(Items from a dataset)
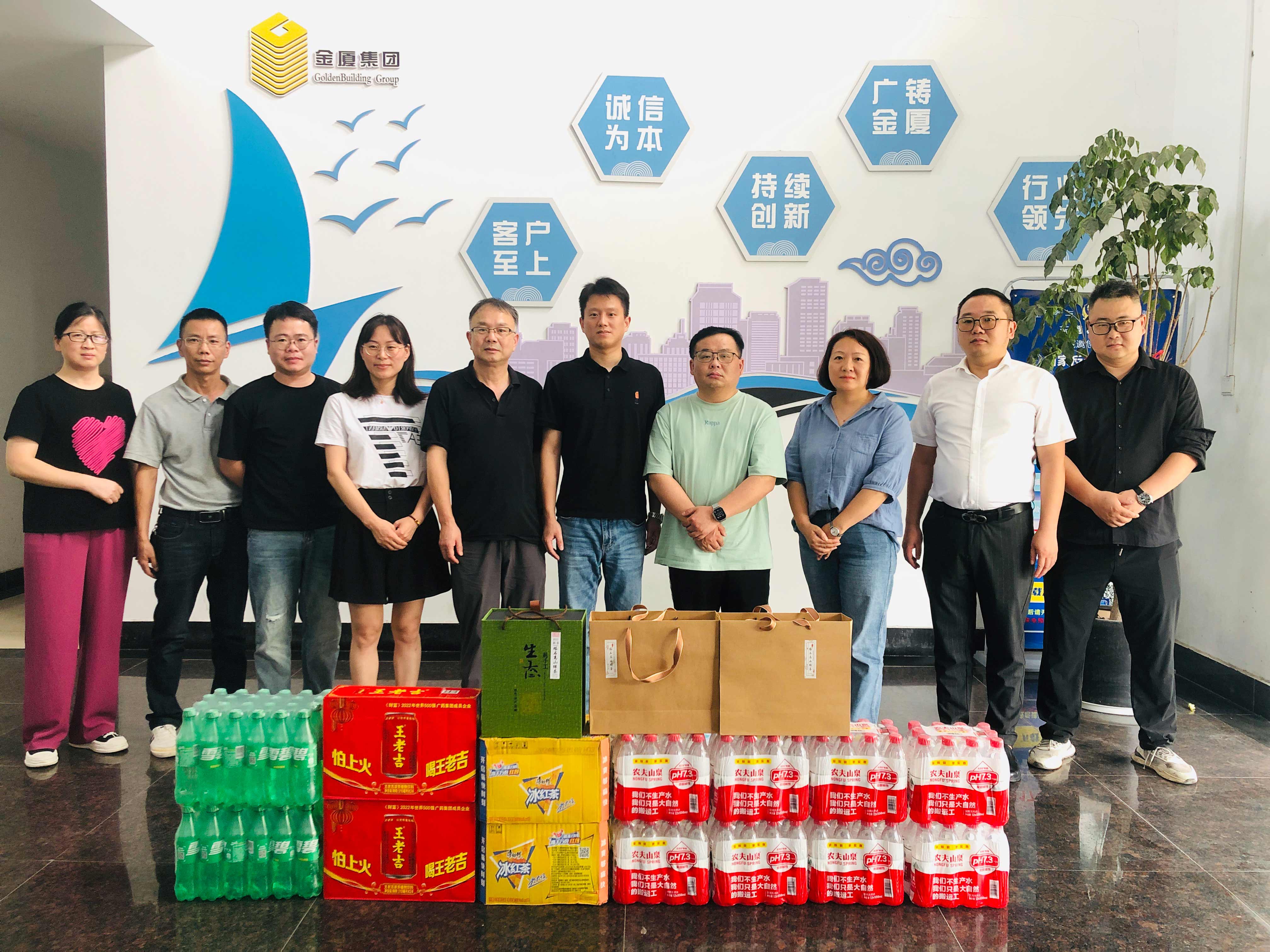 為切實(shí)保障一線員工的身體健康,將集團(tuán)“以人為本”的理念落到實(shí)處,持續(xù)推進(jìn)“幸福金廈”建設(shè),提升員工的凝聚力和向心力,7月10日,金廈集團(tuán)總裁傅融率集團(tuán)管理層走訪慰問(wèn)高溫下堅(jiān)守崗位、辛勤勞動(dòng)的一線員工,為他們送去清涼和關(guān)懷。
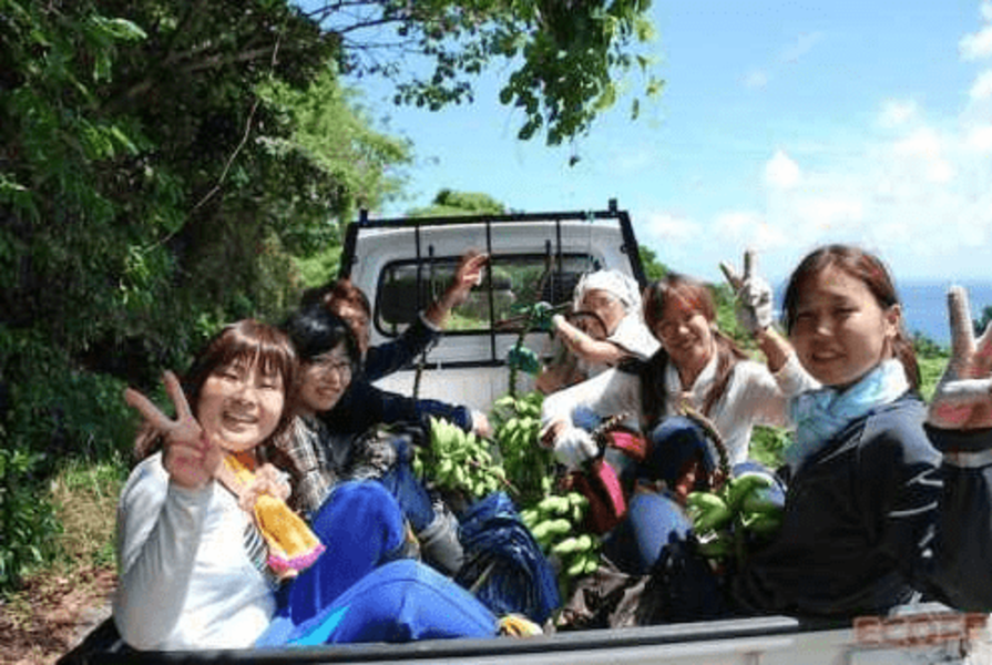 中之島コースでは、小さな離島とは思えないダイナミックな自然の中で、伝統的な果樹栽培の手伝いから新たな特産品栽培の手伝いまで幅広い体験ができます。
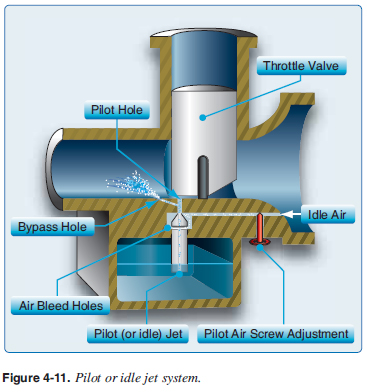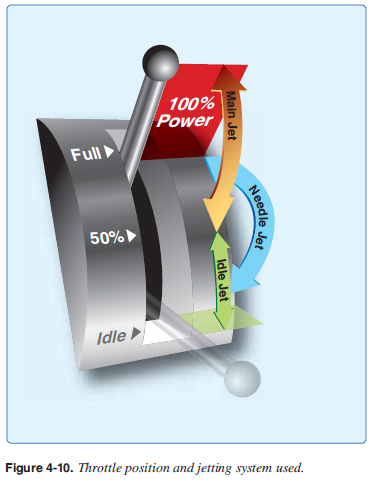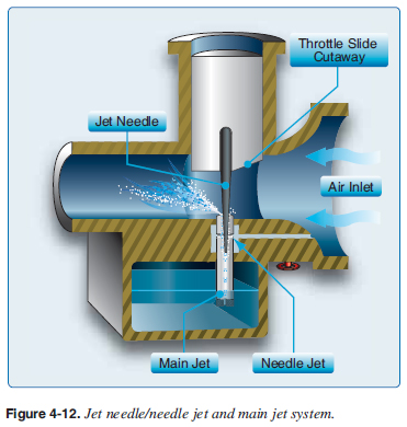 Carburetor Systems WSC aircraft use fl oat-type carburetors. The “fl oat-type carburetor” acquires its name from a fl oat that rests on fuel within the carburetor fl oat chamber, commonly known as the fuel bowls. The fl oat maintains the fuel level in the fuel bowls. As fuel is used by the engine, the fuel and fl oat levels drop, opening the valve letting more fuel into the fuel bowls until the proper level of fuel in the fuel bowls is achieved and the valve is closed. Reference the Pilot’s Handbook of Aeronautical Knowledge for basic information on fl oat carburetor operation. Modern two- and four-stroke carburetors operate with three separate jetting systems depending on engine power. [Figure 4-10] ![]() When the throttle is closed for engine idling, the throttle valve is closed and the fuel/air mixture is supplied through the idle (pilot) jet and idle (pilot) air passage. The fuel/air mixture is supplied to the cylinders through the bypass hole. [Figure 4-11] ![]() As the throttle is advanced and the throttle valve is raised, the fuel is sucked up through the main jet but is controlled by the opening and taper of the jet needle and needle jet. This is effective throughout most of the midrange operation. About half throttle, the main jet size starts to infl uence the amount of fuel mixed with the air and this effect continues until it is the main infl uence at the highest throttle settings. [Figures 4-10 and 4-12] ![]() |
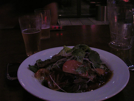 Wir gingen was essen. Gilligans war damals am ersten Abend schon gut. Dieses Mal auch – Thai Beef Salasd Ich gewann die erste Runde Pool, verlor die zweite haushoch. Cider und Bier – langsam muss ich kürzer treten. Body beats back. Will im Gilligans einchecken.
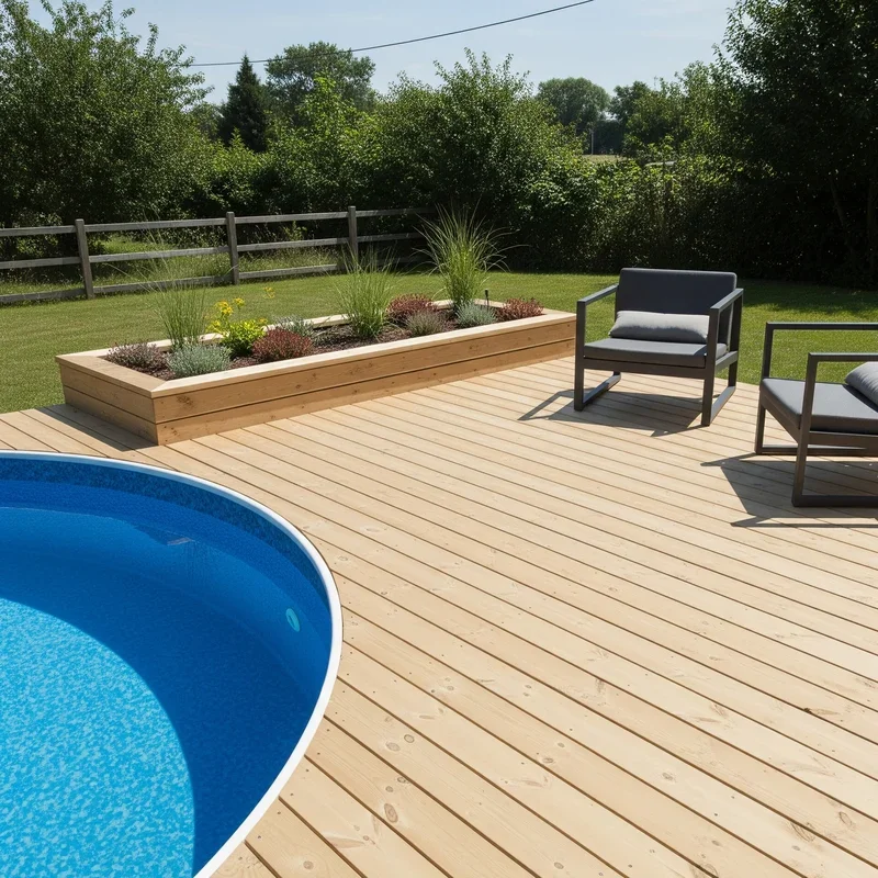 Good old pressure-treated pine remains the budget champion for pool decking, costing just $1,200 to $2,000 for a substantial platform. This tried-and-true material resists rot and insects while accepting stains beautifully. Southern yellow pine offers exceptional strength at rock-bottom prices compared to exotic hardwoods. The light color reflects heat, keeping the deck cooler on scorching summer days. You can find pressure-treated lumber at any home improvement store, often with free delivery for large orders. Simple construction techniques mean even beginners can achieve professional results. Regular staining every few years keeps it looking fresh and extends its lifespan significantly. Pine's affordability lets you build bigger without financial stress.

# TASK
Nothing but the lines from the first line of the data through the line with "中之島コースでは、小さな離島" belongs in the answer, copied exactly and without pictures.

# RESPONSE AREA
 為切實(shí)保障一線員工的身體健康,將集團(tuán)“以人為本”的理念落到實(shí)處,持續(xù)推進(jìn)“幸福金廈”建設(shè),提升員工的凝聚力和向心力,7月10日,金廈集團(tuán)總裁傅融率集團(tuán)管理層走訪慰問(wèn)高溫下堅(jiān)守崗位、辛勤勞動(dòng)的一線員工,為他們送去清涼和關(guān)懷。
 中之島コースでは、小さな離島とは思えないダイナミックな自然の中で、伝統的な果樹栽培の手伝いから新たな特産品栽培の手伝いまで幅広い体験ができます。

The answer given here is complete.